News
--- Algorithmic Aspects of Data Science
Algorithmic Aspects of Data Science represent a rapidly growing area in Theoretical Computer Science and Data Science. Over the past two decades, Data Science has sparked a technological revolution across a wide range of scientific and industrial fields. Despite its widespread application, the theoretical foundations underlying its success remain partially unexplored.
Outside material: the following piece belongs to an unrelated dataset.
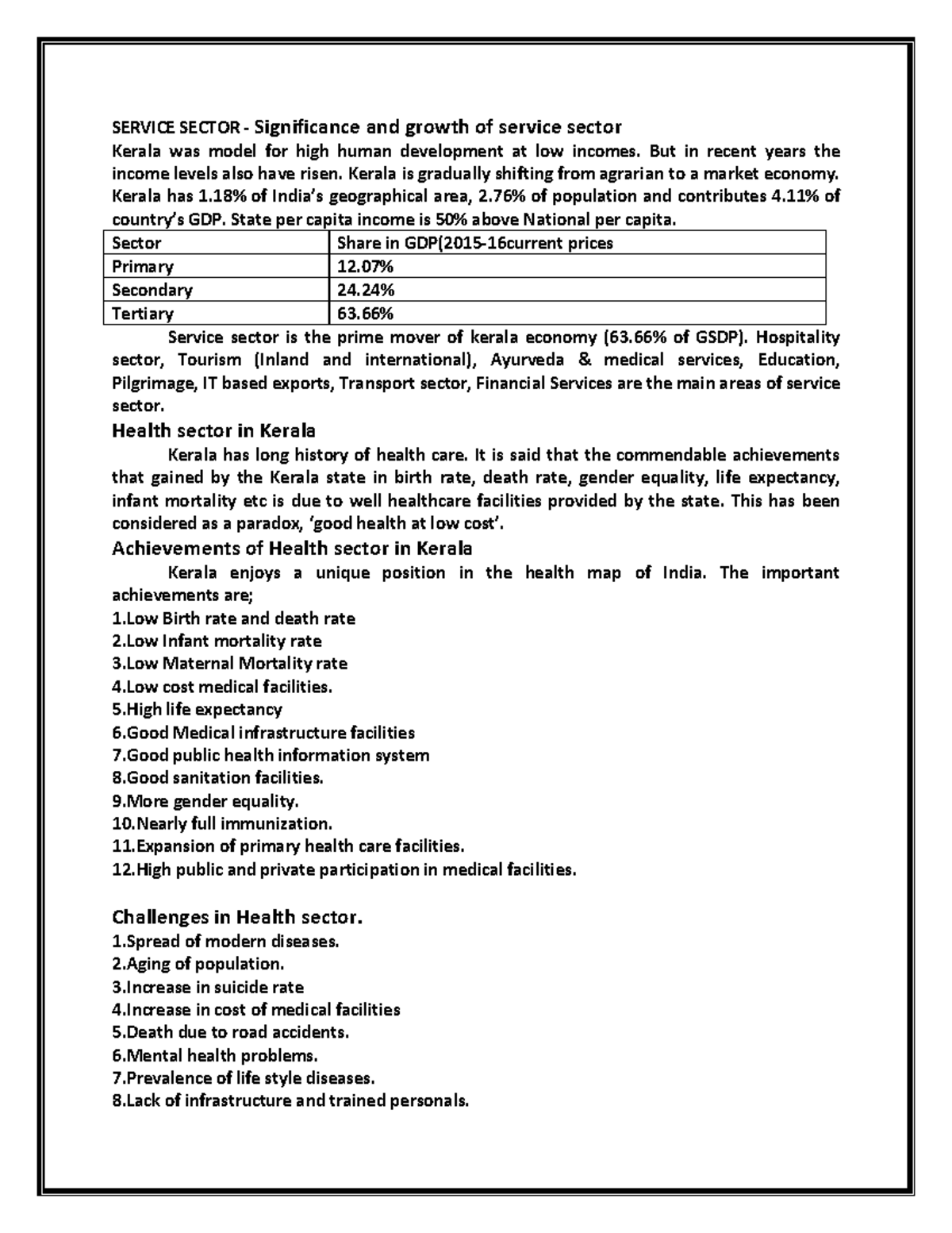 III BBA Kerala Econonomy - SERVICE SECTOR - Significance and growth of

In this context, the Algorithmic Aspects of Data Science aim to investigate fundamental problems in Data Science from a theoretical perspective, focusing on the development of efficient algorithms with rigorous theoretical guarantees. My primary research topics in this area include Tensor Problems, Robust Statistics, and Clustering.
--- Computational Geometry
Computational Geometry is a fundamental area in Theoretical Computer Science, where we investigate the combinatorial properties of geometric problems and develop efficient algorithms. I am focused on proximity problems, involving distances between geometric objects. For example, I have published many results for Voronoi diagrams. Voronoi diagrams lie at the heart of computational geometry and serve as an extremely important tools for proximity problems. Furthermore, I am also studying the k nearest neighbors problem, which have many applications in diverse areas including data science.
--- Algorithmic Applications in Eletronic Design Automation
Beyond developing algorithms in theoretical computer science, I am also interested in utilizing algorithmic techniques to address practical problems in electronic design automation (EDA). In the past, I have applied algorithmic techniques in computational geometry to physical design in EDA. For example, I have employed Voronoi diagrams to construct Rectilinear Steiner Trees. The students in this part of my research are expected to participate in industry-academia collaboration projects.